> INFORMATION:
╭──

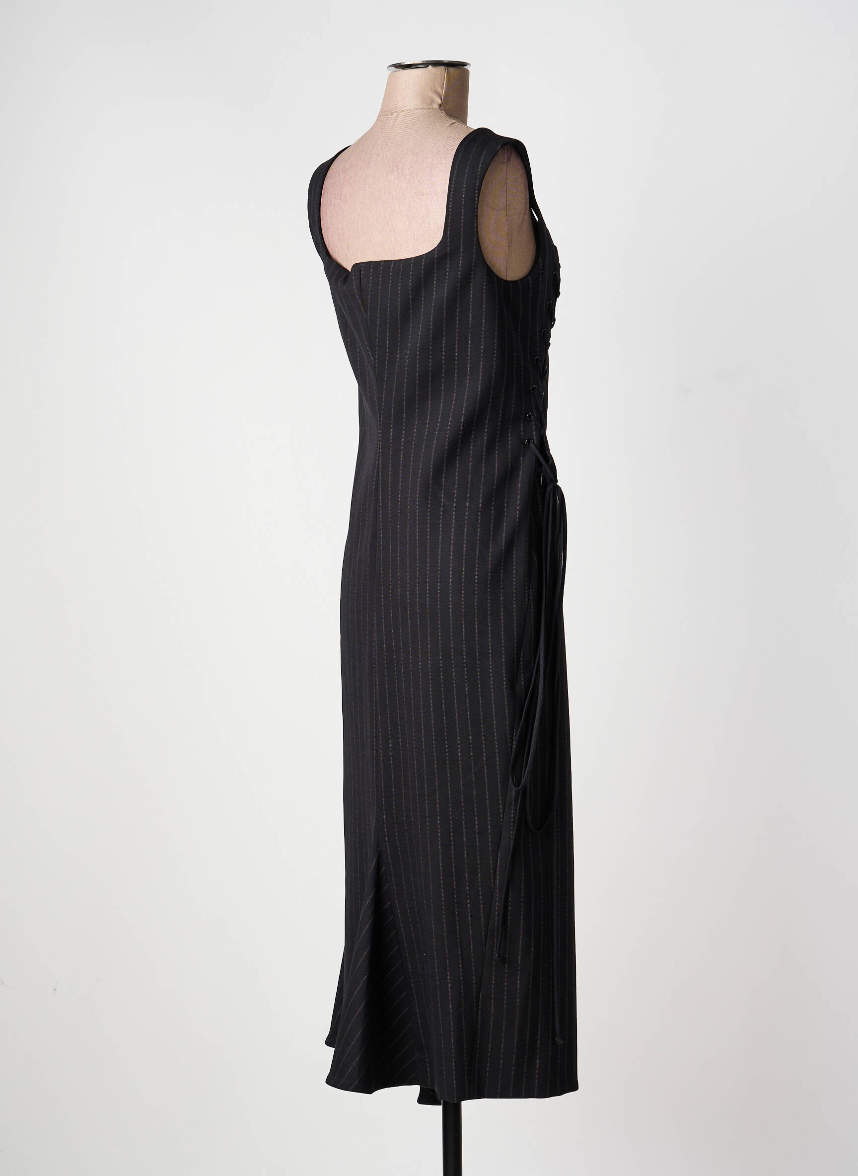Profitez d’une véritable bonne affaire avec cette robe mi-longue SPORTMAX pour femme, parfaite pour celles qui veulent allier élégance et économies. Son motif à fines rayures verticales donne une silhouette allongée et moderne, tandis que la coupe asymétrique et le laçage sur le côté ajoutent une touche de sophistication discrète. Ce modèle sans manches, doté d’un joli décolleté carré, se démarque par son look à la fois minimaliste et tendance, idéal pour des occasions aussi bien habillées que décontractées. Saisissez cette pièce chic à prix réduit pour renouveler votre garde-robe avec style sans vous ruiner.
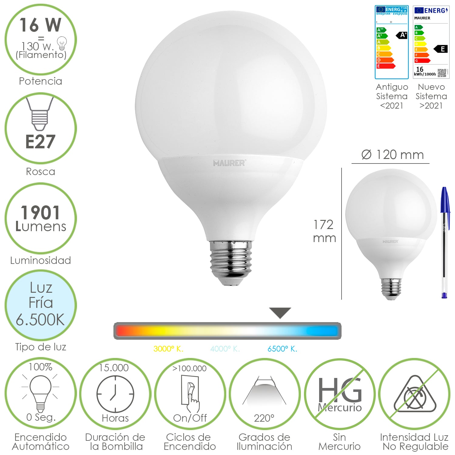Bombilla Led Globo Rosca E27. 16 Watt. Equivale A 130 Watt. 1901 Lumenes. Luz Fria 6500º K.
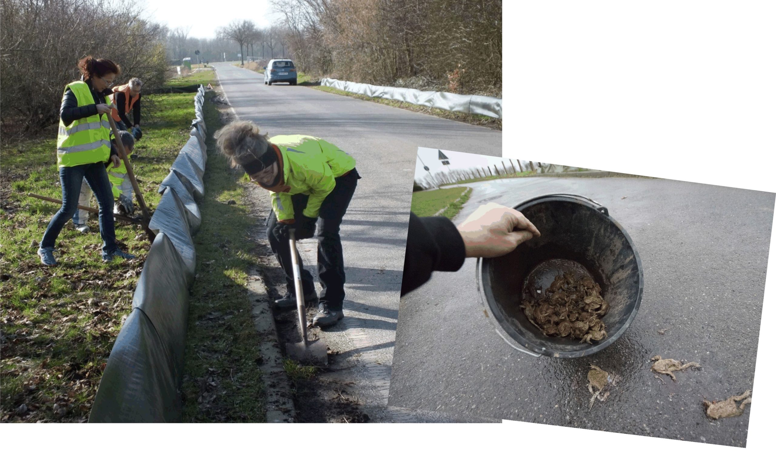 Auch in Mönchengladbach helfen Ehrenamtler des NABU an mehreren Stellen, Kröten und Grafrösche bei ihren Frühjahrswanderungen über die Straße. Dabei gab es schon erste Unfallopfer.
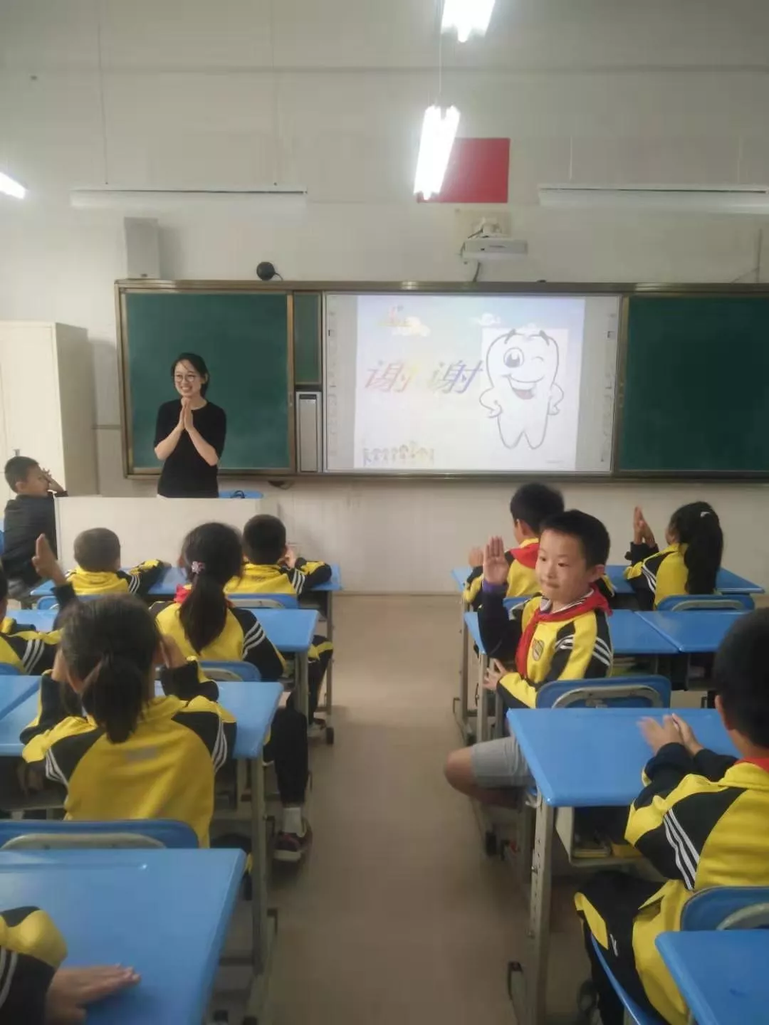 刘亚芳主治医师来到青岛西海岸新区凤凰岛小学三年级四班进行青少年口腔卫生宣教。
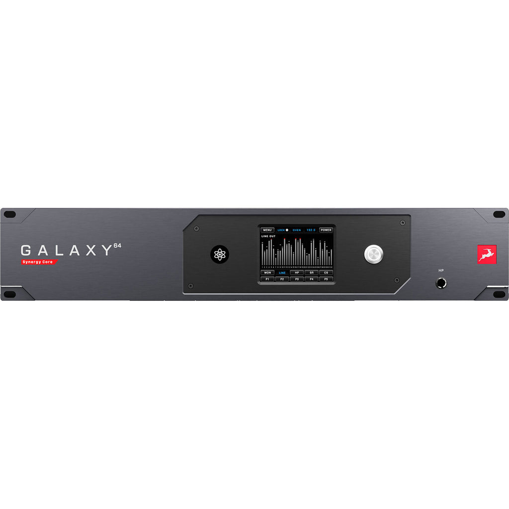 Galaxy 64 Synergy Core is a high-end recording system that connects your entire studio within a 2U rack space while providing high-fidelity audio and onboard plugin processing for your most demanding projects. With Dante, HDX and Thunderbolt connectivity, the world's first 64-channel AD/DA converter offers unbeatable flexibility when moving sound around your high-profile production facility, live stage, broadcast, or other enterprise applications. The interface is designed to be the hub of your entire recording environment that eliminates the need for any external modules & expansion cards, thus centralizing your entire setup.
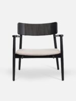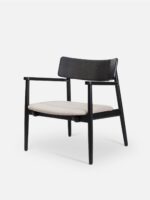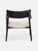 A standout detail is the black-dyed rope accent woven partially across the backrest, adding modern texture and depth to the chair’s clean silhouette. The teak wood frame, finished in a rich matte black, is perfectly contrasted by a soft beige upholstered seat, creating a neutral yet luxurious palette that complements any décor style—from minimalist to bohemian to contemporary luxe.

╰──
╭──

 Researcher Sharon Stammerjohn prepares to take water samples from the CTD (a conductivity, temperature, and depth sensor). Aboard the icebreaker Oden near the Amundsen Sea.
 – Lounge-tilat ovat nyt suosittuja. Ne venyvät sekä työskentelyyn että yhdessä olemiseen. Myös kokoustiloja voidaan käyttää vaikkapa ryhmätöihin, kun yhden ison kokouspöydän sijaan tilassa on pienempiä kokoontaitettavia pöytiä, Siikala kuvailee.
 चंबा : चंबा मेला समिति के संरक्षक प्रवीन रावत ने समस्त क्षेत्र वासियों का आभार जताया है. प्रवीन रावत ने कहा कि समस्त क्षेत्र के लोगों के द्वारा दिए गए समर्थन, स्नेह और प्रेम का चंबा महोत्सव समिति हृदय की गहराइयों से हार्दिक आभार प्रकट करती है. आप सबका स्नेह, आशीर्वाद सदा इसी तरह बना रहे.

╰──

> TASK TO CARRY OUT: The output is the stretch above from the line with "刘亚芳主治医师来到青岛西海岸新区凤凰岛小学三年级四班进行青少年口腔卫生宣教。" through the line with "A standout detail", copied word for word with both ends kept and every picture dropped.

> WRITTEN RESPONSE:
 刘亚芳主治医师来到青岛西海岸新区凤凰岛小学三年级四班进行青少年口腔卫生宣教。
 Galaxy 64 Synergy Core is a high-end recording system that connects your entire studio within a 2U rack space while providing high-fidelity audio and onboard plugin processing for your most demanding projects. With Dante, HDX and Thunderbolt connectivity, the world's first 64-channel AD/DA converter offers unbeatable flexibility when moving sound around your high-profile production facility, live stage, broadcast, or other enterprise applications. The interface is designed to be the hub of your entire recording environment that eliminates the need for any external modules & expansion cards, thus centralizing your entire setup.
 A standout detail is the black-dyed rope accent woven partially across the backrest, adding modern texture and depth to the chair’s clean silhouette. The teak wood frame, finished in a rich matte black, is perfectly contrasted by a soft beige upholstered seat, creating a neutral yet luxurious palette that complements any décor style—from minimalist to bohemian to contemporary luxe.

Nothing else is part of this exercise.